Q = (25 ~ 85) L / R ... (II)

Where Q is the amount of air that needs to be bubbled per hour, in units of Nm ³ , calculated in the standard state, ie 0 ° C, 1 atmosphere.

The acidic seawater treatment method and equipment provided by the invention can greatly reduce the space occupied by the washing and desulfurization seawater and save water, and can meet the environmental requirements of the final discharge of the desulfurized seawater pH value ≥ 6.5 in marine platforms such as ships. The recognized green emission reduction process for seawater washing and desulfurization has become a reality in the application of dense spaces in offshore platforms such as ships, following the successful application of land-based coal-fired power plants.

DRAWINGS

BRIEF DESCRIPTION OF THE DRAWINGS Fig. 1 is a schematic view of an acidic seawater treatment apparatus according to a first embodiment of the present invention.

2 is a schematic view of an acidic seawater treatment apparatus according to a second embodiment of the present invention.

detailed description

Fig. 1 shows an acidic seawater treatment apparatus according to a first embodiment of the present invention. As shown in Figure 1, the acidic seawater treatment in this embodiment The apparatus includes an aeration vessel 1, an aeration device, a first conduit 31, a second conduit 32, and a third conduit 33.

Among them, the aeration container 1 is used for reacting seawater with air. Aeration container 1 with exhaust pipe 11 For discharging the gas generated after the reaction.

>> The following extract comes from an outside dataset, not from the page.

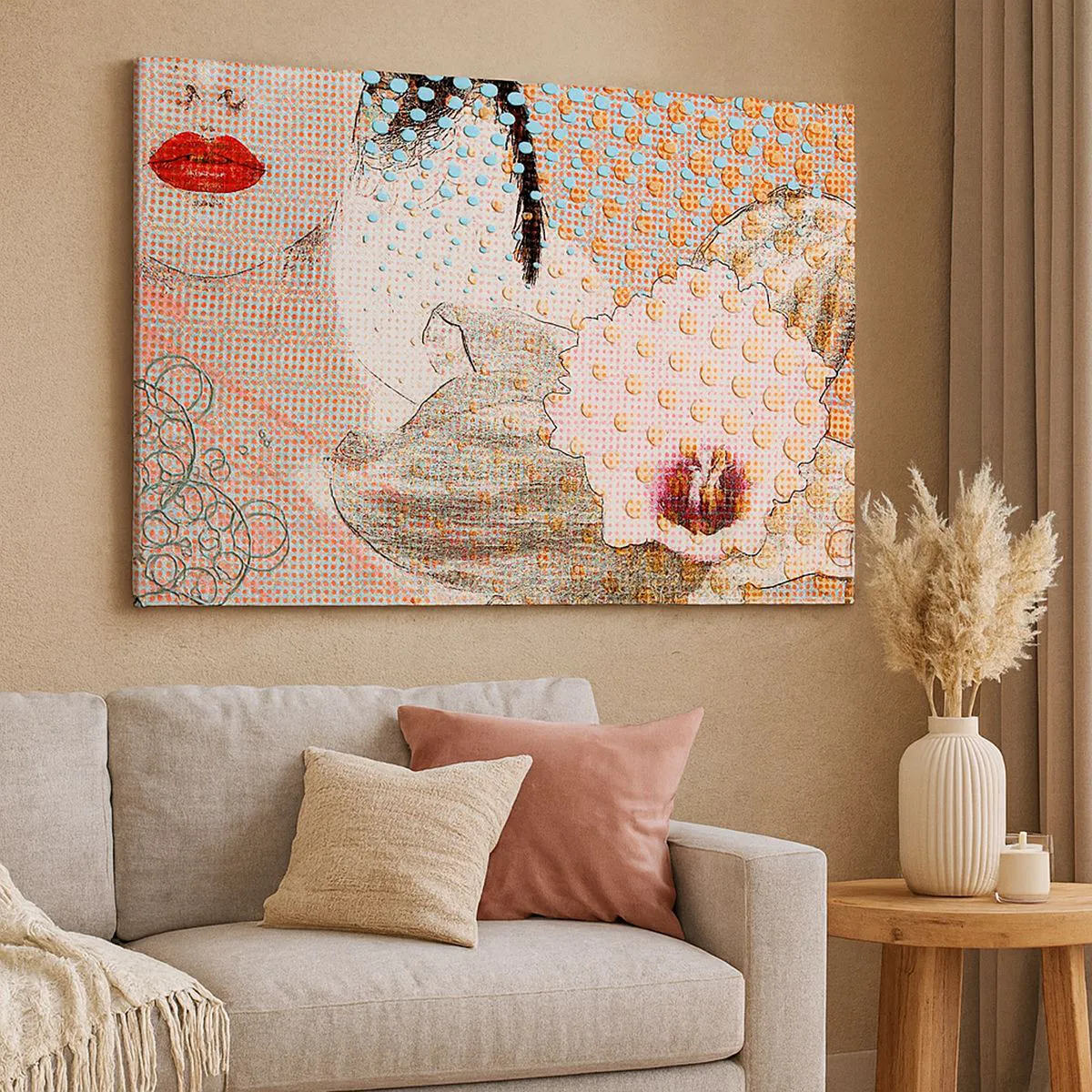 Ten obraz to doskonały wybór dla osób, które cenią oryginalność i wyraziste dekoracje. Świetnie sprawdzi się w salonie, gabinecie czy przestrzeniach kreatywnych, dodając wnętrzom wyrafinowania i unikalnego charakteru. Motywy ust i orchidei podkreślają indywidualność obrazu, jednocześnie wprowadzając do wnętrza atmosferę harmonii i piękna.

The first conduit 31 is used to transport the acidic seawater to the aeration vessel 1; the second conduit 32 is used to transport the alkaline seawater to the first conduit 31 In the first pipe 31, the acidic seawater is mixed with the alkaline seawater; the third pipe 33 is used to discharge the seawater after the reaction.

The aeration device is for aerating the aeration container, and includes an aeration head 21, a blower 22, and an aeration tube 23. Aeration head 21 It is a plurality of evenly distributed at the bottom of the aeration container 1.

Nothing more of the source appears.